Miami City Ballet principal Tricia Albertson recommends never letting 10 days pass during the off-season without putting on a pair of pointe shoes, even just to walk around the house. “When your feet get desensitized,” she explains, “you try to avoid the pain and do weird things. Then the ankle problems happen.” Wearing your shoes throughout the layoff period helps keeps skin and calluses tough.
Albertson also begins the season with several pairs of shoes prepared in various states of wear. This helps her avoid dancing on dead shoes or running out of broken-in pairs at the outset. “Because the worst thing,” she says, “is breaking in new shoes with sore feet!”
The “building” mindset doesn’t stop once the season starts. Houston Ballet ballet master Amy Fote says dancers should focus on proper alignment and tracking of the joints, especially during descents from pointe or jumps. Be especially careful not to overpronate, making sure the arch is lifted and that all three points of the foot are on the floor. And listen to your body; you may need to modify during class (skipping jumps or switching to flat, or swapping fouettés for turns in fifth) to avoid injury. Fote suggests focusing on “neatness and building strength” during the first few weeks back.
Sinkoe also encourages mindfulness in the studio. “The majority of overuse injuries I see come back to technical error,” he says, such as forcing turnout or pushing over too far on pointe. Make an active effort to self-correct throughout the day, being conscious of common errors and personal pitfalls.
Your foot and toenail hygiene also requires regular attention. Keep nails trimmed and filed smooth at a personal “sweet spot” to avoid ingrown issues or bruising, says Meier. Epsom salt soaks or ice baths can also give inflamed feet and muscles temporary relief.

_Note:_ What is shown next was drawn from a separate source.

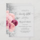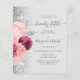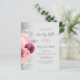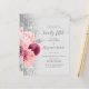 The left-hand edge of this elegant modern 50th anniversary party invitation features a burgundy and blush watercolor floral bouquet trimmed with silver foliage and faux silver glitter. The customizable text combines charcoal gray handwriting, copperplate and italic fonts on a pale gray background. The reverse side features a matching design.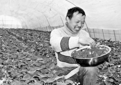 安徽省廬江縣冶父山鎮(zhèn)塘稍組村民孫茂友去年種植了7畝大棚草莓,品種是“紅顏”,該品種果實(shí)質(zhì)密多汁,香味濃郁,糖度高,風(fēng)味極佳,果實(shí)硬度大耐貯運(yùn),果實(shí)采收期長,可從春節(jié)前后一直持續(xù)到5月上中旬。他采用水肥一體化栽培,產(chǎn)出的草莓深受市場歡迎,每公斤批發(fā)價(jià)達(dá)到28元。圖為春節(jié)前夕,孫茂友在大棚里采摘草莓。 張傳保攝

Blister Band-Aids, 2nd Skin or lamb’s wool can help cushion touchy areas. Schoene recommends topical ointments like Biofreeze, Traumeel and arnica gel to fight inflammation between rehearsals. She also suggests using antiperspirant spray to quickly dry sweaty, blister-prone feet. After dancing, wearing socks with moisture-wicking or dry-fit fiber blends in supportive sneakers can provide extra care.
Finally, stable ankles and strong pointework rely on an overall healthy body. As always, maintain good sleep, nutrition and hydration habits, as low energy levels can impact technique and heighten injury risk. At the end of the workday, says Albertson, “do some breathing exercises or have some Sleepytime tea—something to calm the nerves.” Adrenaline can run especially high at the start of the season, so take time to wind down to prepare your body for the next busy day on pointe. Your feet will thank you!